Umstritten war im vorliegenden Fall die Rechtswirksamkeit des Verzichts des beigeladenen Arztes auf die Kassenzulassung. Der Arzt sah sich "aus Altersgründen" zu diesem Verzicht veranlaßt, er wollte aber die Ersatzkassenpraxis weiter fortführen. Die Kläger haben die Zulässigkeit des isolierten Verzichts auf die Kassenzulassung und damit das Recht des Arztes zur Fortführung der Ersatzkassenpraxis bestritten. Da der Arzt aber nach seinem Vorbringen aus Altersgründen nicht mehr in der Lage war, den bisherigen Praxisbetrieb in vollem Umfange - sowohl die Kassenpraxis als auch die Ersatzkassenpraxis - fortzuführen, zielten die Klagen letztlich darauf ab, dem Arzt die auf die Ersatzkassenpraxis beschränkte berufliche Tätigkeit zu verwehren. Der Gegenstandswert richtet sich daher nach den geschätzten Einnahmen aus der Ersatzkassenpraxis.
Bei Streit um eine Berufszulassung geht der Senat zunächst mit dem Bundesgerichtshof davon aus, daß der Geschäftswert in der Regel in Höhe der Einnahmen anzusetzen ist, die der Bewerber aus der beruflichen Tätigkeit im Laufe von etwa fünf bis zehn Jahren voraussichtlich im Falle der Zulassung erzielen kann oder im Falle der Versagung der Zulassung hätte erzielen können; dabei sind jedoch die besonderen Verhältnisse des Einzelfalles zu berücksichtigen (BSG aaO; BGHZ 39, 110, 116). Von diesen Grundsätzen ist auch im vorliegenden Fall auszugehen, war hier doch ebenfalls die Berechtigung zur Ausübung einer beruflichen Tätigkeit - der Ersatzkassenpraxis - umstritten.

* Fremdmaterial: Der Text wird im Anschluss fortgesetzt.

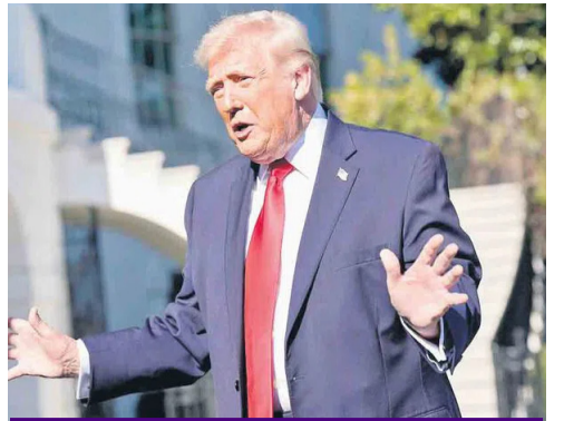
పెరుజ్జీను దిగ్భంజిస్తాం.. ఇరాన్ తో చర్చలు విఫలం కావడంతో ట్రంప్ హెచ్చరిక

Der Senat hält es für gerechtfertigt, den Gegenstandswert nach dem geschätzten Einkommen während eines Zeitraumes von fünf Jahren zu bestimmen (vgl Beschluß des Senats vom 19. März 1982 - 6 RKa 9/81 -). Nach der vorgelegten Bestätigung der KÄV Hessen waren die Einnahmen des Arztes aus seiner vertragsärztlichen Tätigkeit in den letzten Jahren rückläufig; sie nahmen ab von 242.641,65 DM im Jahre 1977 auf 142.366,88 DM im Jahre 1980. Es erscheint daher angemessen, bei der Festsetzung des Gegenstandswertes von Jahreseinnahmen in Höhe von 140.000,-- DM auszugehen.
Nach Abzug der Praxisunkosten in Höhe von 50 vH (vgl BSG aaO) ergibt sich somit ein Gegenstandswert von (140.000,-- DM : 2 = 70.000,-- DM mal 5 Jahre =) 350.000,-- DM.